TuningEngine collect the data from the agents, runs it through an ETL process that creates artifact tables that are fed into a set of tuners,

It will collect all the data that comes off of these through an ETL process that creates artifact tables. Those artifact tables are then fed into a set of tuners – Low-Rank Adaptation (LoRA), supervised fine-tuning tuners, and reinforcement learning tuners, to name a few. Coming out of that are find-tuned models that can be deployed again via the AgentEngine as a new version of the model.

Both PolicyEngine and TuningEngine will roll out this year.

VAST also is expanding its partnership with Nvidia to more fully accelerate its data stack. It was an active collaboration even before the conference, with the two companies working on more than two dozen joint engineering projects.

“One of the things that is very clear is that accelerated computing hasn’t made it way all the way to the data level,” Denworth said. “That is something that Nvidia has been working on and it hasn’t necessarily played out in the market yet, and we’re taking an aggressive approach to basically building accelerators into the VAST platform.”

The extended work with Nvidia will allow VAST to bring its AI Operating System, combining data services with the compute layer to reduce operational complexity and streamline AI operations. It also will allow VAST’s platform to run on Nvidia-based servers from the likes of Supermicro and Cisco.

VAST also introduced the CNode-X, a new Nvidia-certified system that will run VAST’s high-performance storage services for clusters powered by Nvidia GPUs.

“What this allows us to do is to take our software and then power it with a bunch of very specific Nvidia libraries that are being built into the system,” Denworth said.

Those libraries include cuVS for accelerated vector search and retrieval, NIM microservices to run RAG pipelines natively in the cluster, and Sirius for accelerated SQL queries.

VAST also introduced its redesigned Polaris control plane for provisioning, operating, and orchestrating VAST clusters in major public cloud platforms and that will be “extended to others with ‘fleet-level scale’ operational challenges,” Denworth said.

Jonsi Stefansson, VAST’s general manager of cloud, said the offering started off as a simple cloud control plane to manage VAST in the cloud via the hyperscaler market and offering lifecycle management and day-two operations, like expanding and replacing and non-disruptive upgrades.

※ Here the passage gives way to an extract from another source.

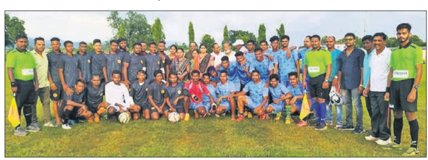
'ରେୟାରମ୍ୟାନ୍' ଯୁବକ ଚୂର୍ଣ୍ଣାମେଣ୍ଟରେ ଅତିଥି ସହ ଖେଳାଳି ।

ଦେବଗଡ଼ ପୌର ପରିଷଦ ପକ୍ଷରୁ ଜିଲ୍ଲା କ୍ରୀଡା ସଂସଦ ସହାୟତାରେ ସ୍ଥାନୀୟ ଲାଲିଗାଠା ଖ୍ରୀଷ୍ଟିୟନ ଚର୍ଚ୍ଚାଳନା ଠାରୁ ଆରମ୍ଭ ହୋଇଥିବା 'ରେୟାରମ୍ୟାନ୍' ଯୁବକ ଚୂର୍ଣ୍ଣାମେଣ୍ଟର ତୃତୀୟ ଦିବସରେ ଗୁରୁବାର ଝାଡ଼ି ନମ୍ବର-୩ ଓ ଝାଡ଼ି ନମ୍ବର-୧୦ ବିଜୟୀ ହୋଇଛି । ପ୍ରଥମ ମ୍ୟାଚ ଝାଡ଼ି ନମ୍ବର-୧ ଓ ଝାଡ଼ି ନମ୍ବର-୩ ମଧ୍ୟରେ ଅନୁଷ୍ଠିତ ହୋଇଥିବା ବେଳେ ନିର୍ଦ୍ଧାରିତ ସମୟ ଶେଷ ହେବା ପର୍ଯ୍ୟନ୍ତ ମ୍ୟାଚଟି ଅମାମ୍ୟାନ୍ସିତ ରହିବାକୁ ଚାଲିଥିଲା । ଝାଡ଼ି ନମ୍ବର-୧ ପକ୍ଷରୁ ଝାଡ଼ି ନମ୍ବର-୩ ଝାଡ଼ି ନମ୍ବର-୧୧୩-୨ ଗୋଲରେ ପରାସ୍ତ କରି ବିଜୟୀ ହୋଇଥିଲା । ଅନୁରୂପ ଭାବେ

It’s now “that unified control plane that delivers centralized intelligence with distributed execution across all VAST environments, from on-premises clusters to public clouds to sovereign neoclouds, and not having to deploy the full stack everywhere, but by deploying a lightweight Kubernetes operator and the Polaris agent locally on each side,” Stefansson said. “The architecture enables a single global view for policy management, governance, upgrade, orchestration, without centralizing the data path.”